Calgary Researchers Uncover Innovative Quantum Uses for Diamonds

Researchers at the University of Calgary have made significant strides in quantum science through their groundbreaking study on diamonds. Published in early December 2025, the findings from the university’s Quantum Nanophotonics Lab reveal new applications for diamonds in the field of quantum nanophotonics, specifically through a phenomenon known as second-harmonic generation. This process entails converting light from one color to another by altering its frequency and wavelength.

Historically, diamonds were thought to be too symmetrical in their crystalline structure to facilitate such optical transformations. However, this new research challenges that perception, showcasing how researchers can not only observe these effects but also control the extent to which they occur.

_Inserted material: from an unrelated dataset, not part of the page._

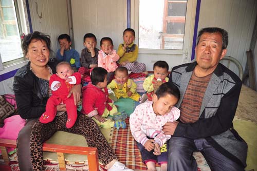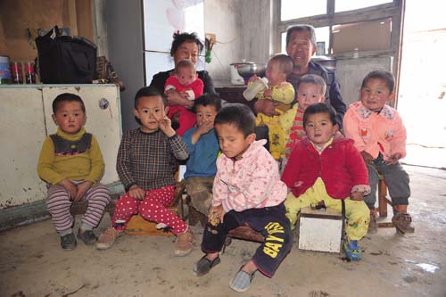 原來,張滿亮的妻子在附近的礦山企業(yè)打工當(dāng)廚師,在回家的途中遇到一個(gè)被父母遺棄路邊的殘疾棄嬰,在那里哇哇大哭,她左思右想不忍心,就將殘疾棄嬰抱回家撫養(yǎng),丈夫張滿亮不僅不嫌棄,還搭手幫忙。從此開始,得知張滿亮夫婦是樂做善事熱心人的縣民政局和周邊村民,就接連不斷地將殘疾棄嬰給張滿亮夫婦送來,他倆二話不說全部接納收養(yǎng),6年來一共接納了9名。隨著殘疾兒童的增多,自家房屋缺少?zèng)]法養(yǎng),村集體就將舊學(xué)校的幾間房屋騰出來讓他倆占用?,F(xiàn)在9名棄嬰,最大的五六歲,最小的才五個(gè)月,均有殘疾,有的兔嘴、缺耳、缺胳膊、雙目失明,有的患肌肉萎縮、肺腫大、心臟病、疝氣。張滿亮夫婦以父母般的愛心撫養(yǎng)照料這些孩子,還給起了很好聽的名字:張?zhí)炖住執(zhí)煊?、張?zhí)祜L(fēng)、張?zhí)煸?、張?zhí)觳?、張?zhí)鞂?、張?zhí)旎?、張麗花、張彩花。他倆與二兒媳董艷紅精心照料著殘疾兒童的一日三餐和生活起居,穿衣喂飯,潑奶哺乳,擦屎倒尿,大哭小叫,不厭不煩,起早貪黑,周而復(fù)始,以人間大愛撫育著這些殘疾兒童健康的成長(zhǎng)。

Breaking New Ground in Quantum Applications

Dr. Paul Barclay, a professor in the Department of Physics and Astronomy and the head of the Quantum Nanophotonics Lab, highlighted the importance of this discovery. “Diamond is not traditionally a material that would be compatible with the effects we’re seeing in our paper,” he explained. “There is a whole class of applications relating to wavelength conversion that aren’t possible in diamond for reasons that are fundamental and related to the nature of the diamond crystal.”

By exploiting tiny defects within the diamond’s crystal structure, the research team has overcome previous limitations, opening the door to innovative applications in quantum nanophotonics. “Not only are we kind of breaking the rules by seeing these effects, but we’ve done so in a way where we can control how strongly we are breaking the rules,” Dr. Barclay added.

Potential Applications and Future Research

The implications of this research are vast. According to Sigurd Flågan, a postdoctoral scholar with the lab and the lead researcher on the experiments, diamonds excel at managing high levels of laser power without damage. This capability enables the potential development of optical switches, lasers, or modulators that can handle significantly more power than current technology allows.

Flågan pointed out that practical applications could extend to data centers, high-powered laser fabrication, and advanced optical processing systems. The research team first observed the relevant phenomena in late 2023, with further investigations continuing through 2024. “However, we didn’t have the final intuition and model of what was happening until the beginning of 2025,” Flågan noted.

The University of Calgary’s advancements in quantum nanophotonics not only enhance scientific understanding but may also contribute to technological innovations across various industries, underscoring the dynamic relationship between fundamental research and practical applications.